I didn't care, "You look really tired."

"I haven't been sleeping very well."

"Why not?"

He swallowed hard again. I could almost feel the lump in his throat.

"I don't know," he said.

"Did something happen?"

He smiled, "That's what everyone wants to know, isn't it?"

"Is that what this is about?" The party. The pool house. Isaac. "Who cares what people think?"

"I don't."

"Then what are you so scared of?"

I thought he was going to say he wasn't. Thought he was going to change the conversation. Maybe ask me again about my holidays again. But he didn't.

Instead, he shrugged, and said, "I don't know. Life."

I smiled, "We all are."

And he smiled too and said, "Not you."

I could have laughed, "I want the world to end before I have to become something."

He shook his head, "It would be too late. You're already something."

"You know what I mean."

"No," he said. "You really are something. You're you. Not many people can say that. Look at me, I have no idea who I am –"

"Edward, come on –"

"No, it's true. I don't know what I'm doing. Sometimes I go home, and I sit in my bed, and I go through everything I did that day, and everything I said, and I think about whether or not I did a good job at being myself. How ridiculous is that?"

"It's not ridiculous," I said. "And for what it's worth, I think you're doing a great job at being–"

"I have no idea who I am," he said again.

"But you know who you want to be, don't you?"

He looked down at his feet, "Yeah. I mean, I think so. I don't know. I just wanna do the right thing –"

"I know," I stopped him. "And you did nothing wrong."

He smiled like he didn't believe me, and then the bell rang, and he said, "You should go. I don't wanna make you late for class."

I had Germain next. I spent it thinking about him. He knew who he wanted to be, and I wanted the world to end so I didn't have to be anything at all. I had convinced myself I was ahead of the curve, but really I was just walking in circles, coming back to where I started, again and again.

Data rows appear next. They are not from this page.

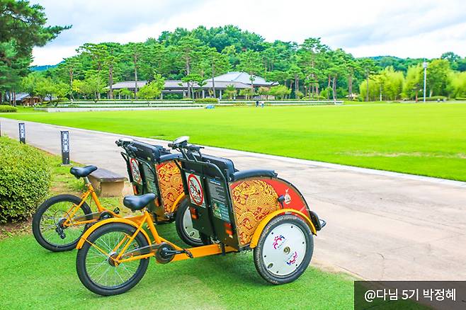 부여 가볼 만한 곳 넓은 백제문화단지를 편하게 즐길 수 있는 ‘탈 거리’도 있는데요. 붉은색의 사비로열차, 전기 어차와 전기 인력거로 시원하게 백제문화단지 곳곳을 다닐 수 있습니다.
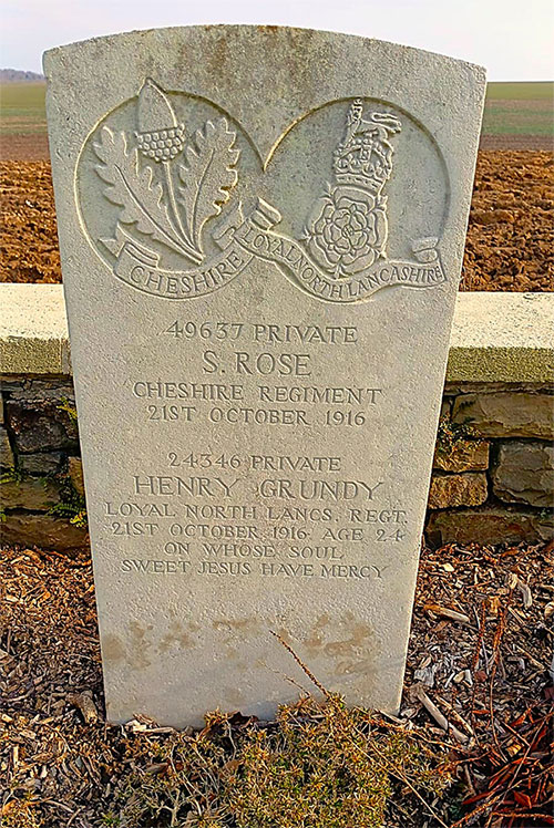 | Commemorated\Buried | Stump Road Cemetery, Grandcourt Grave\Panel Ref: C.27. |
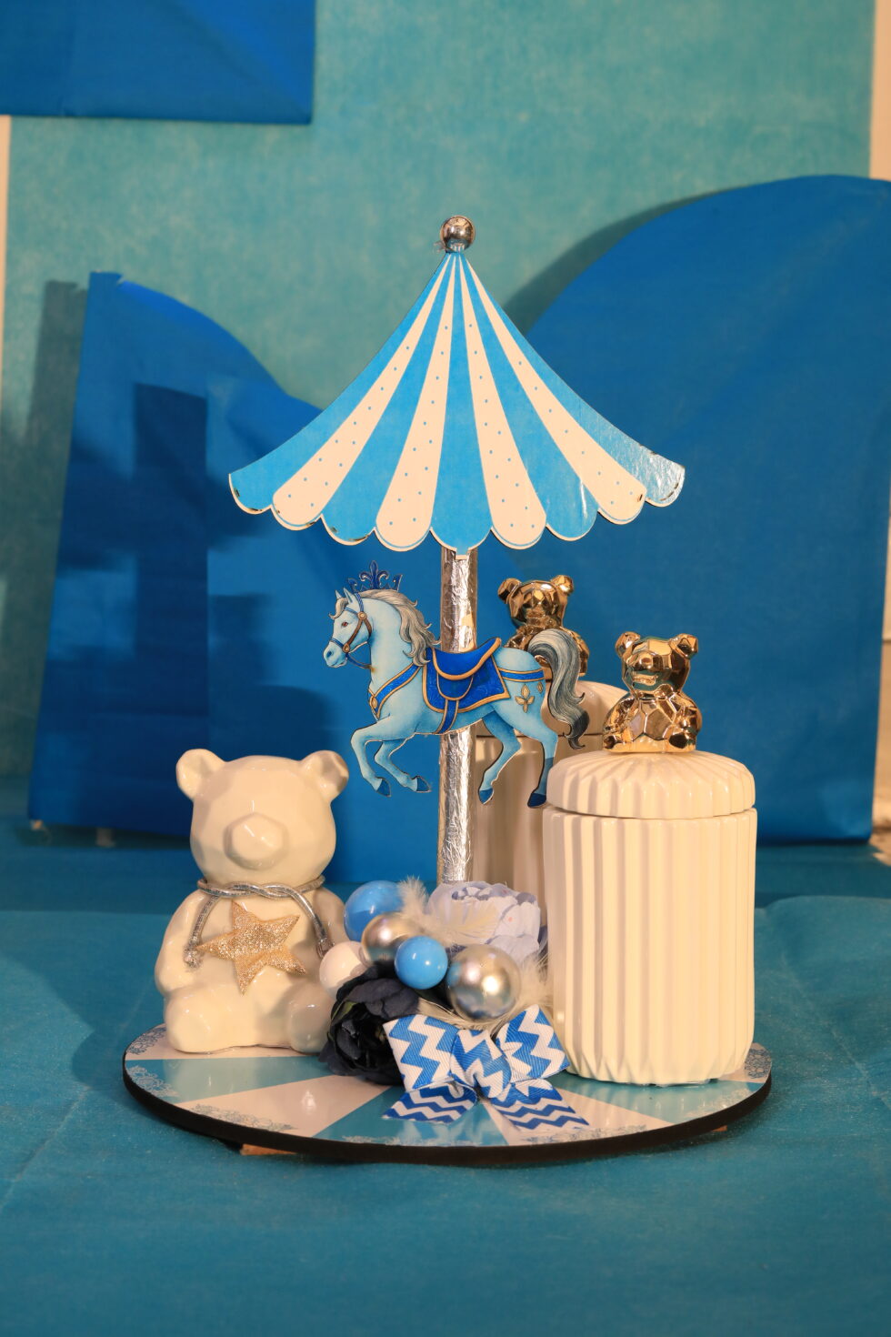 Includes: Carousel topper • Bear figurine • Luxury jar • Decorative base & floral-balloon accents
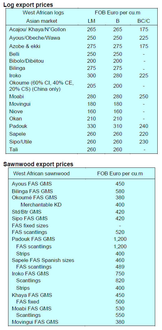 Export benchmark prices - Merbau sawnwood price increased by US$300
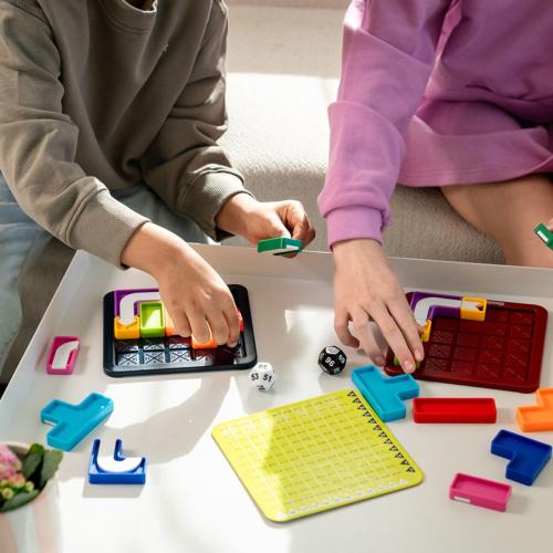 В комплекта са включени две игрални полета, които позволяват да се играе в дуел или всяко дете да работи върху собствена задача. Пъзел частите, заровете и картите с предизвикателства са компактни и лесни за подреждане, което прави играта практична за съхранение и подходяща за пътуване.
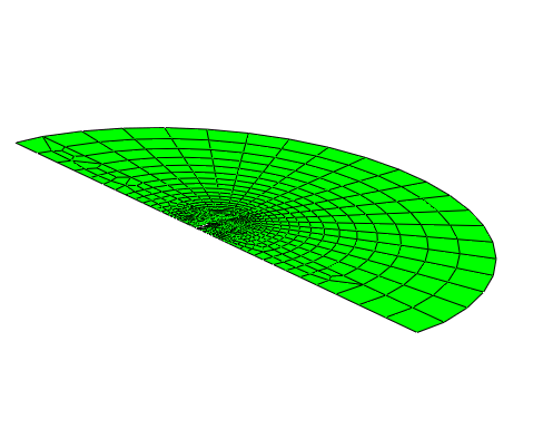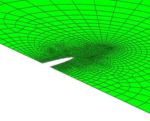 The domain of the problem considered in this example is a 1 m thick circular slice of oil-bearing rock with a small initial crack modeled. The domain has a diameter of 160 m.
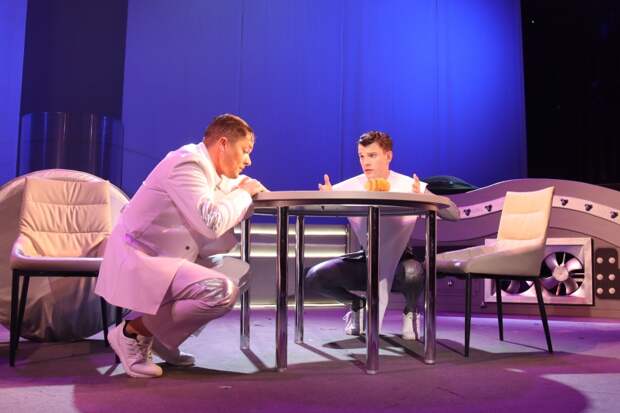 Пьеса Михаила Хейфец имеет сюжетный подзаголовок — "футуристическая комедия в жанре социальной утопии". Режиссер-постановщик Александр Нешинкин подошел к этому скрупулезно, превратив фабулу повествования в причудливую фантасмагорию. Лиловые волосы главной героини и серебристые одежды а-ля "робот Вертер" из классики советского кинопрома "Гостья из будущего" — в виде футуристичной детализации.
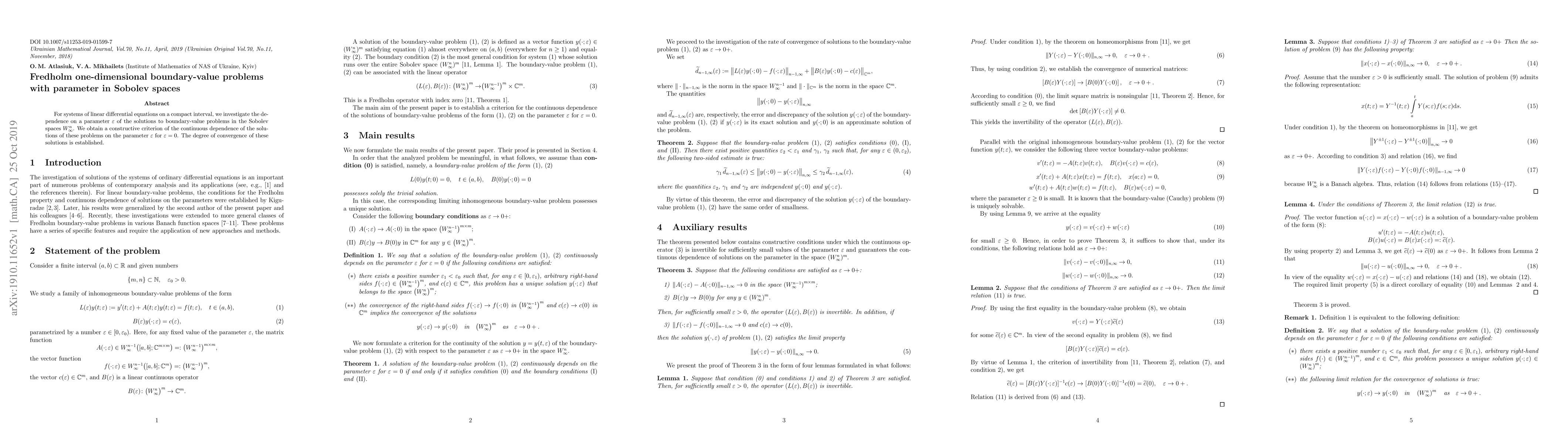 This paper investigates the dependence on a parameter $\varepsilon$ of solutions to linear differential equations' boundary-value problems in Sobolev spaces $W^{n}_{\infty}$. It provides a constructive criterion for the continuous dependence of solutions on $\varepsilon$ when $\varepsilon=0$ and establishes the degree of convergence of these solutions.
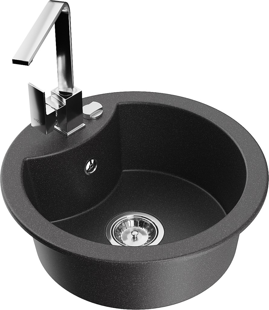 Technická data: dřez: Rozměry: 488 x 488 x 167 mm Hloubka komory: 157 mm Šířka komory: 406 mm Průměr odtoku: ø90 mm Typ: 1-komorový Typ: Zapuštěné do pracovní desky Barva: Skvrnitá černá Povrchová úprava sifonu: Chrome Materiál: žula (80 % žulové kamenivo, 20 % pryskyřice) Přepadový otvor: Ano Otvory: (baterie, automatické) 2 Vysoká odolnost proti poškrábání a změně barvy Odolnost proti tepelným šokům Snadno čistitelný povrch Jeden dodatečný vyfrézovaný otvor pro samoděrování ø35 kuchyňská baterie: Materiál: mosaz Barva: Chrome Hlava: Keramická Provzdušňovač: Ano Typ: Jedna páka Výška baterie: 290 mm Rozsah výtoku: 220 mm
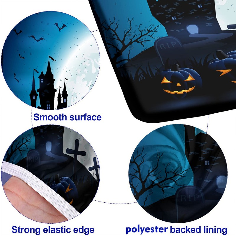 Halloween Elastic Picnic Table Cover Waterproof for Table + Bench Fitted Polyester Backing for Outdoor/Picnic/Travel/Holiday/Party/Folding Table, tablecloths are spill and stain resistant.
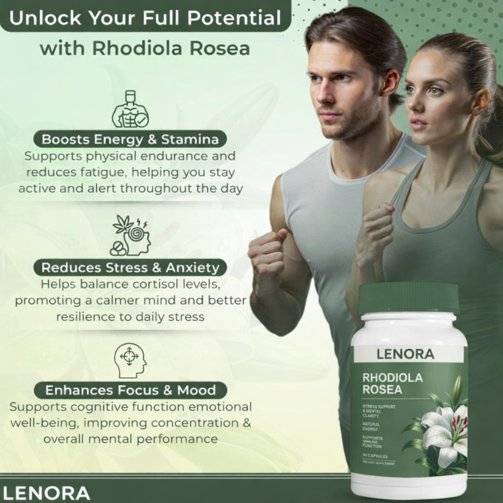 Lenora Rhodiola Rosea Extract is a natural dietary supplement made from the root of the Rhodiola rosea plant. It’s classified as an adaptogen, meaning it helps your body better manage stress while supporting steady energy, focus, and mental clarity.
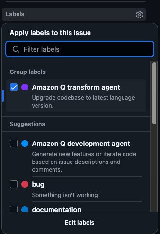 用家也可以使用 Q Developer 將舊版的 Java 8 或 11 更新到 Java 17,未來會提供更多選項。首先,用家需要在包含 Java 8 或 11 應用程式的 GitHub 儲存庫中建立問題。用家可以寫一個簡短的標題,例如“遷移”,並留空描述。然後將 Amazon Q 轉換代理標籤指派給該問題。
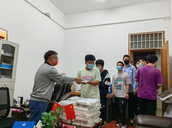 本次活动由2022级辅导员张维佐老师代表学院发放口罩到各位新生手中。口罩虽小,却能在疫情防控期间减少疫情的传播,为在校师生的生命安全筑起了一道防线,展现了学院对学生的关怀以及爱护,彰显了学院的人文关怀与对防疫的支持。
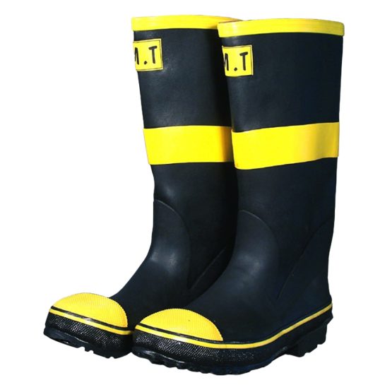 รองเท้าบูท ดับเพลิง ยี่ห้อ MT ชนิดนี้ เป็นรองเท้าดับเพลิง ที่ผลิตจาก ยางสังเคราะห์ ที่สามารถกันความร้อน กันไฟไหม้ กันน้ำมัน ผลิตตามมาตรฐาน กรมตำรวจดับเพลิง อีกทั้งสามารถ กันสารเคมี กรดด่าง และไขมัน ได้ดี ด้านใน บุผ้าฝ้ายทั้งชิ้น กันความร้อน ตัวรองเท้า มีความสูง 15 นิ้ว สูงถึงประมาณบริเวณเข่า หัวของรองเท้าเป็นหัวเหล็ก (Toe cap) ป้องกันแรงกระแทก 200 จูล ป้องกันของหล่นทับ หรือป้องการกระแทก พื้นรองเท้า เป็นพื้นเสริมแผ่นเหล็ก (Steel mid sole) กันตะปู กันของแหลมคมทิ่ม พื้นรองเท้า ปั๊มลายดอกยางแบบพิเศษ ป้องกันการลื่นไถล กันไฟฟ้าสถิต และ ยังทนทานต่อความร้อน ได้ดี สามารถเลือกขนาด โดยจะมีไซซ์ 40 – 44 รองเท้าชนิดนี้ เป็นแบบไม่มีหูหิ้ว เหมาะสำหรับ งานซ้อมดับเพลิง ใช้งานได้ทนทาน มีความแข็งแรง ตัวยางไม่ขาดง่าย ใช้งานหนักได้ดี มีสีเหลือง ดำ
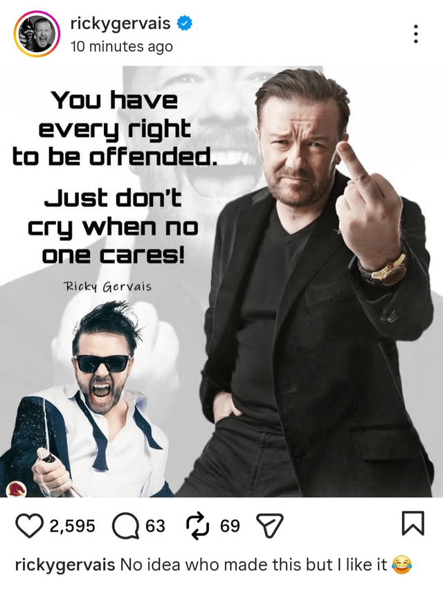 Any time anyone mentions Ricky gervais this picture should be posted. Thank you for performing the service.
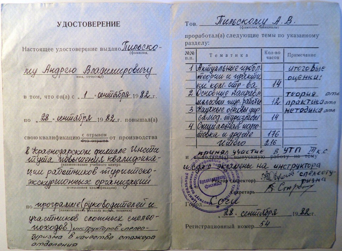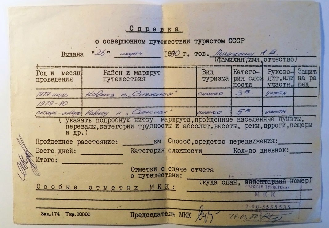 • Забавны твои рассуждения про то что для руководства 5-ой к.с. требовалось обучиться на ВТП. Это абсолютное враньё. Уж не надо мне, в прошлом члену МКК Москвы по спелеотуризму так откровенно врать.  А я лично собственно сначала прошел экстернат СИП и потом стажировался на звание инструктора на СТП (на Алеке). Справочку о руководстве 5Б прилагаю. Раритет. Прилагаю фотокопии подтверждающих мои слова документов. И жду от тебя хоть-что-то. О твоих выдающихся подвигах.
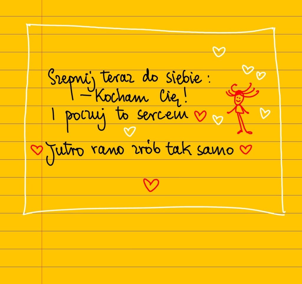 Żółte kartki Kocham cię środa, 30.07.2025 Szepnij teraz do siebie „Kocham cię” i poczuj to sercem ❤ Jutro rano zrób tak samo ❤ Udostępnij na Facebooku

After what happened last year, someone had written the word slut on my locker, and I had left it there. No one had believed it when I said I was drunk. When I said I thought it was Jason and not Bill. I didn't even know Bill. Everyone thought I was just making up excuses to cover up the fact that I had cheated on my boyfriend. Ex-boyfriend. No one even gave me the benefit of the doubt. All they gave me was that word on my locker. And I took it. What was so wrong about it anyway? My right to say no had been taken away from me, and so I had reclaimed my right to say yes, but really, in the end, it was more of a duty. The duty to be who they wanted me to. If I couldn't be Madonna, I had to be a whore.